行至村口,斜刺里钻出来一个男人,披头散发,蓬头垢面的。他浑身上下穿的衣服也都脏得不行,原先的颜色已经看不出来了。和一身黑色形成鲜明对比的是他的眼睛,黑白分明,炯炯有神,连一头蓬发也也掩盖不住。
“你们见我老婆没?”他开口问我们。
“没有。这个点她不该在家里吗?你回家吃饭吧。”珐瑙如此回答。
“哦哦。”这个乞丐一样的男人愣头愣脑地应了两声,“对头,我回家吃饭,我回家吃饭。”说罢,他趿拉着一双破鞋,消失在一间屋子后。
还未等我和都罕发问,珐瑙就解释开了:“刚才那个人是村里硫家的独苗,人挺好,也肯卖力气做事,就是一直也没有个伴。五年前他在城里找了个媳妇,刚办完婚礼,炕都没暖热,媳妇就带着家里的贵重财物跑了。他托人去到处找,结果人到警局一问,发现那个新娘是个骗婚的,骗了十几个人,已经跑到不知哪里去了。挺好一小伙子,直接就得了失心疯。你看他身上的衣服,那是他结婚时穿的新郎装,穿到现在一直不肯换掉。他还一直觉得他老婆没跑,就在村里。他爹妈什么人都找过,也没给治好,只能任他这个样。”
“哎……”珐瑙叹了口气,接着说,“人虽然疯了,好歹还活着。大娘就琥珀这一个孙子,我见了她该怎么说啊……”
我与都罕保持沉默。别人的家事,外人还是不要掺和。
一行人在村落里拐了几个弯弯,就来到了琥珀奶奶家门前。和别家的房屋比起来,琥珀家显得格外破旧:院墙许久没有整修,上面有好几个破洞;院门和屋子的门表面也都斑驳坑洼,门上挂着的祈福树叶不知是哪年挂上的,几乎完全风化了;房顶的瓦片脱落了许多,但并没有再行修补,只是糊上茅草了事。
琥珀的奶奶,正坐在院内晒太阳。她身上的衣服也不知多久没换洗,曾经鲜艳的颜色业已暗淡。满头银发倒还相对整洁,服帖地长在布满皱纹与老年斑的头颅上。和所有常干体力活的人一样,她的手指骨节粗大,看起来异常有力。她的指甲都很好地剪过,甲缝里见不到什么脏污。
“哎呀!”见到珐瑙带着我们进门,老人家的眼睛立马就亮了,“你们可回来了!”她站起来,快步向偏房走过去,“饿了吧,我给你们做吃的。”
“碧玺大娘……”珐瑙想告诉她发生了什么,但是只说了两个字,就没能继续下去。他的眼睛垂下去,像个犯错的小孩。
“怎么啦?”碧玺奶奶笑呵呵地转身,看向珐瑙。她好像立刻明白了些什么,脸上的笑容消失了,取而代之的是一种明悟般的表情。

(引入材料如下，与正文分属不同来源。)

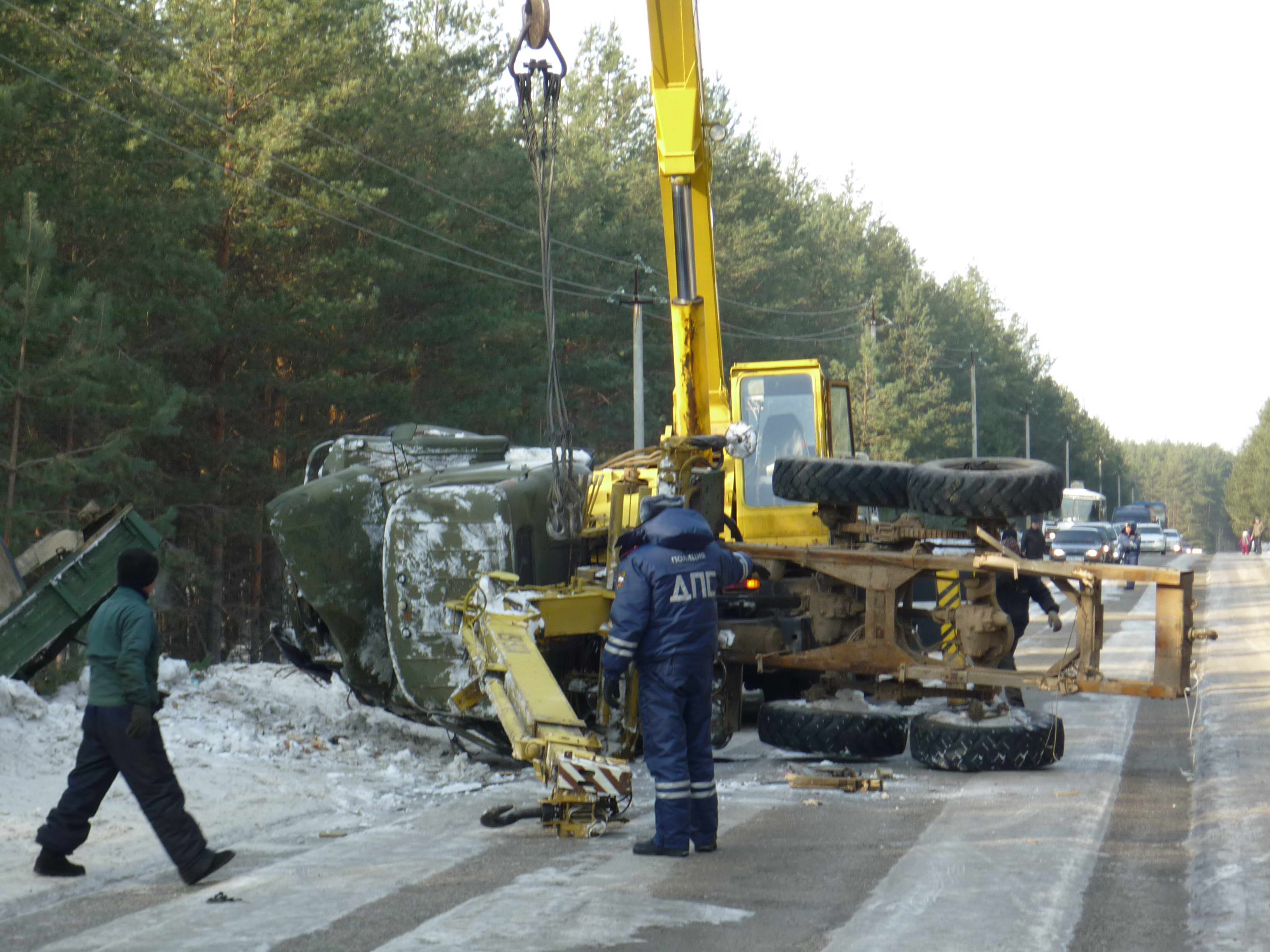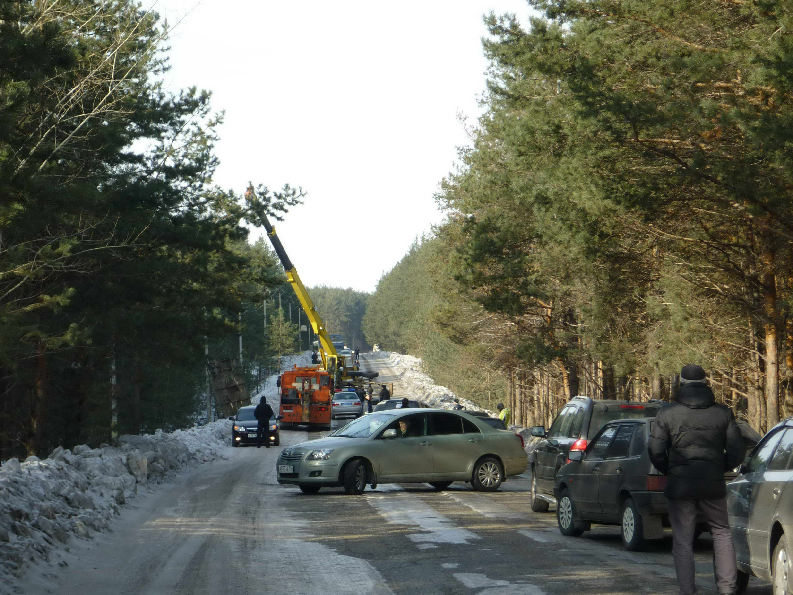 Около 12 часов дня 25 февраля на дороге на базы отдыха образовалась большая пробка. Понятно было, что произошла авария. Вскоре выяснилось, что ДТП случилось накануне ночью. Ехавший со стороны баз отдыха грузовой автомобиль "ЗИЛ" с подъемником вылетел в кювет и лег на бок. Водитель с места ДТП скрылся. Когда был обнаружен опрокинувшийся грузовик, сотрудники ГИБДД вызвали автокран, чтобы достать брошенную машину, и на время работ примерно на полчаса перекрыли движение.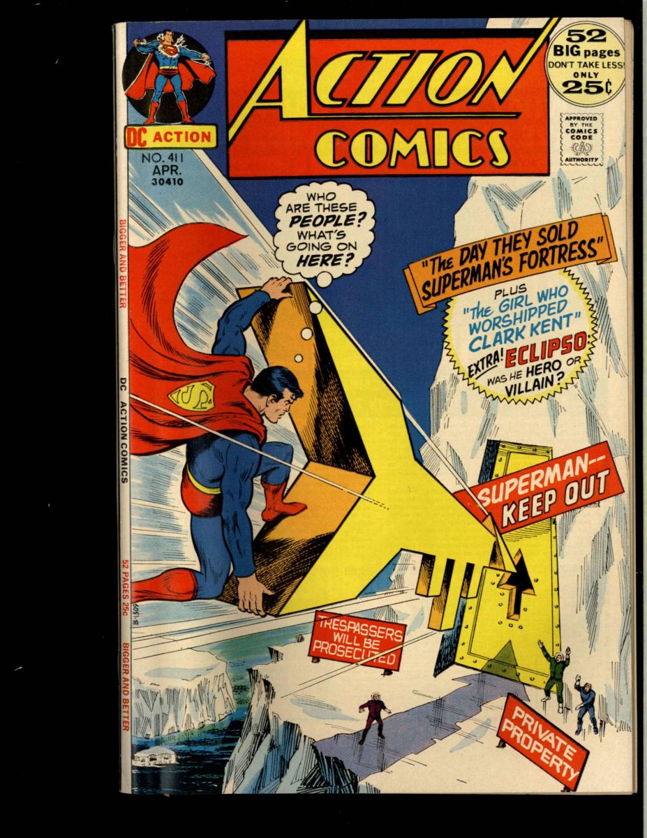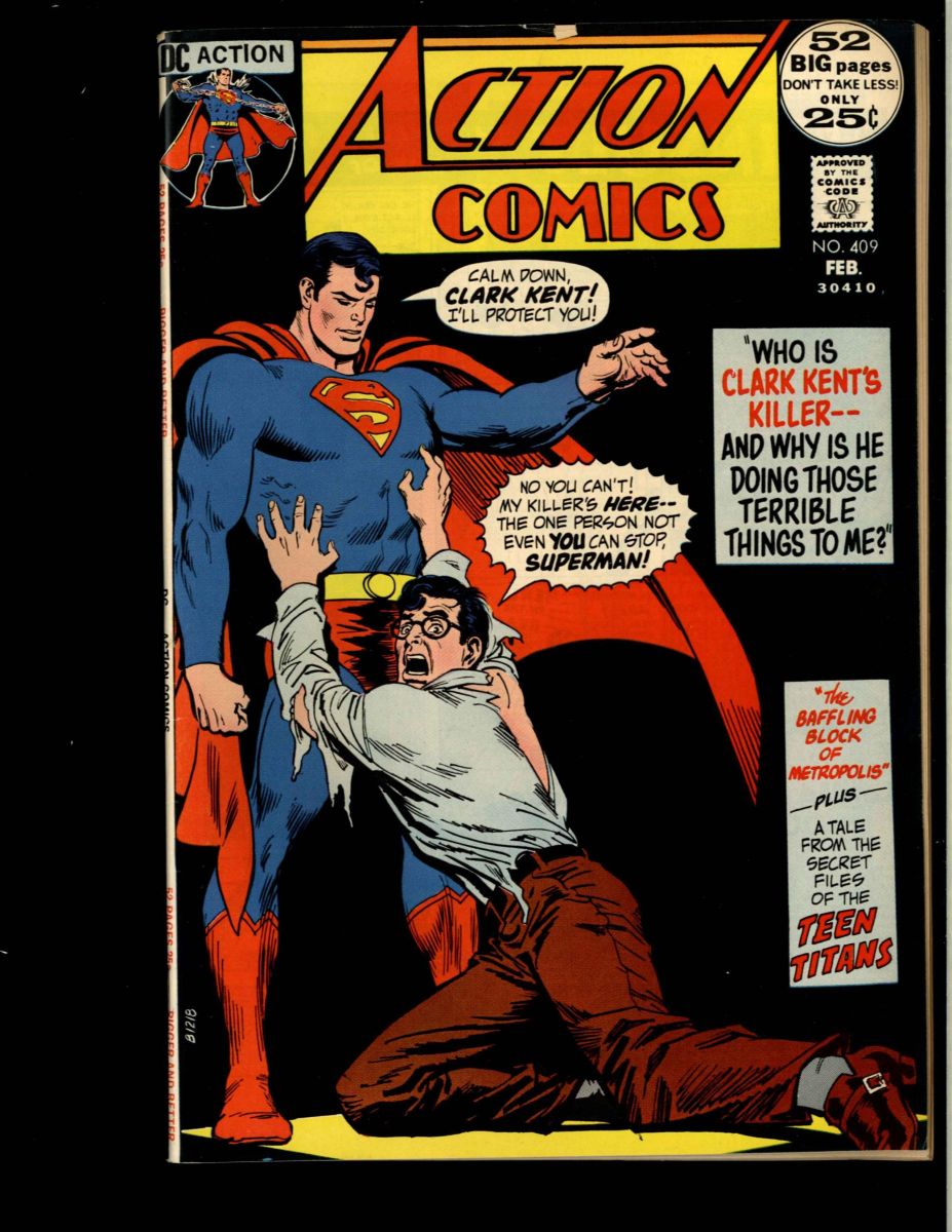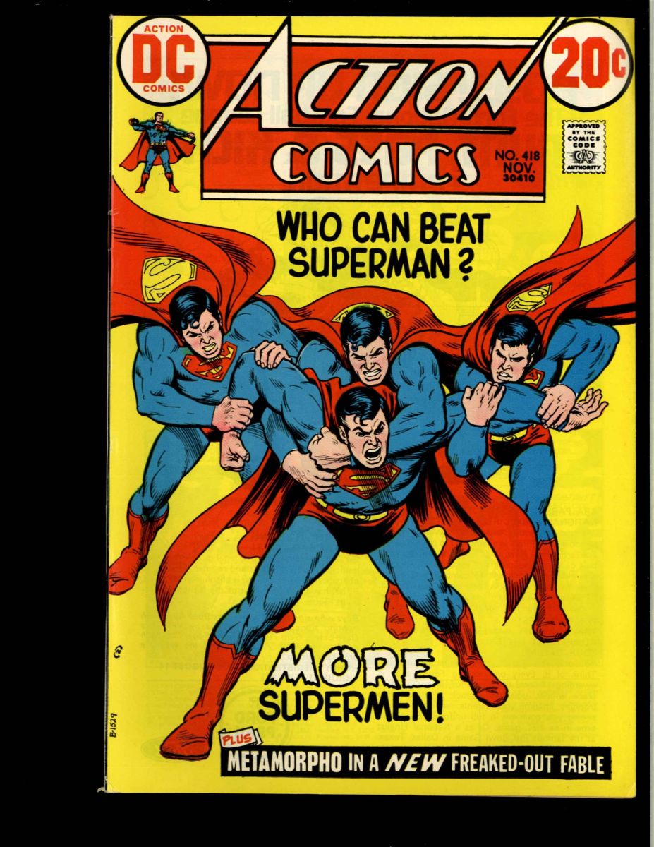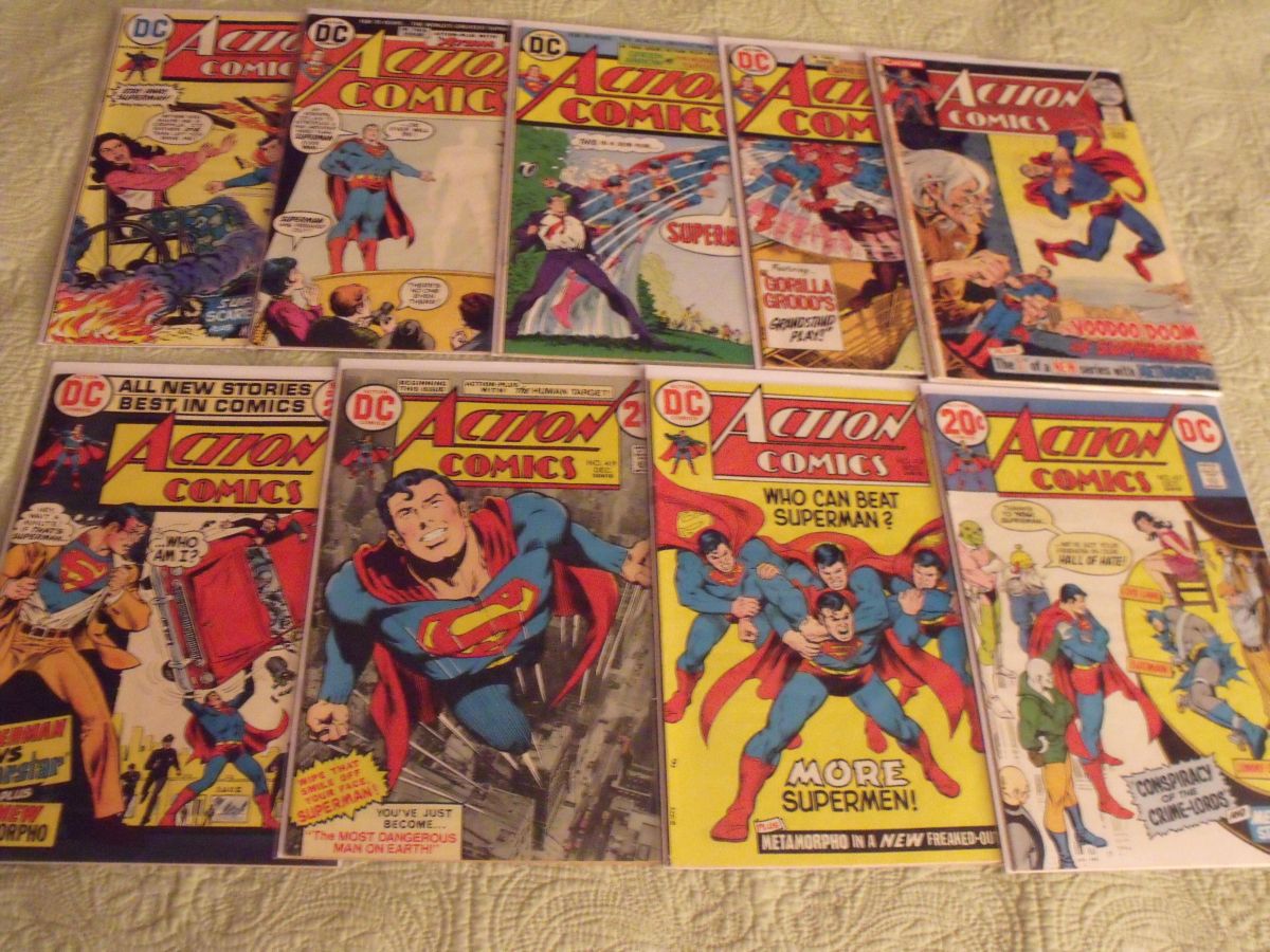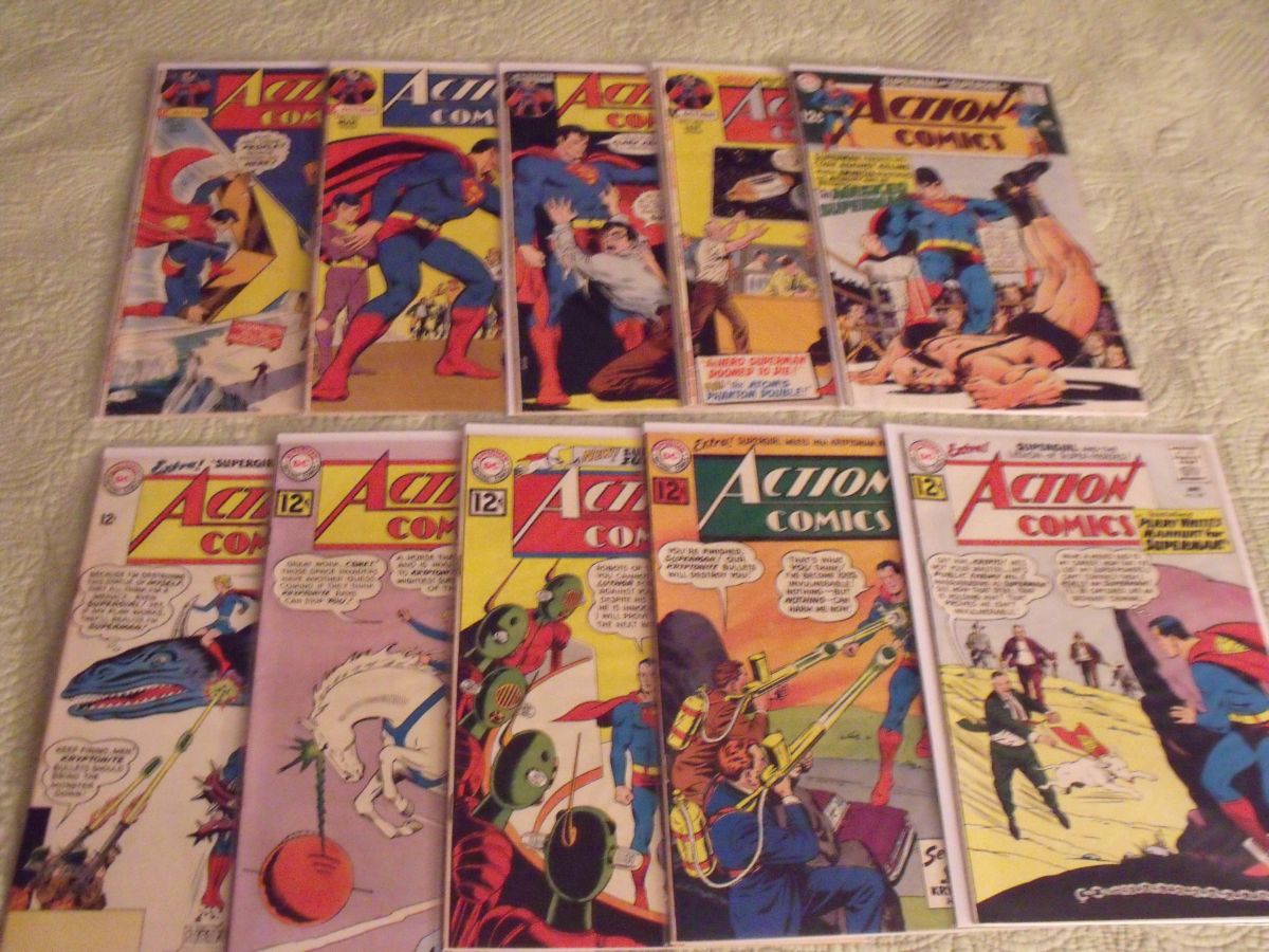 Action Comics #287, 291-293, 303, 372, 408-411, 413, 414, 416-419, 424, 426, 427. 19 issues total. Average condition FN to VF-

“琥子呢?”她问道,眼中混合着绝望与希冀。
“出了些事情……”珐瑙说的很犹豫,“他……他……”
带着忧伤的表情,碧玺奶奶打断了珐瑙的支吾:“好了,我知道了。你们先进屋吧,我给你们做好吃的。”说罢,她掀起门帘,蹒跚着走进了侧屋。
“唉……我们先进去吧。”珐瑙止不住地叹气,“唉……我在她面前真是装不了,真是瞒不住……唉……走,都先坐下……”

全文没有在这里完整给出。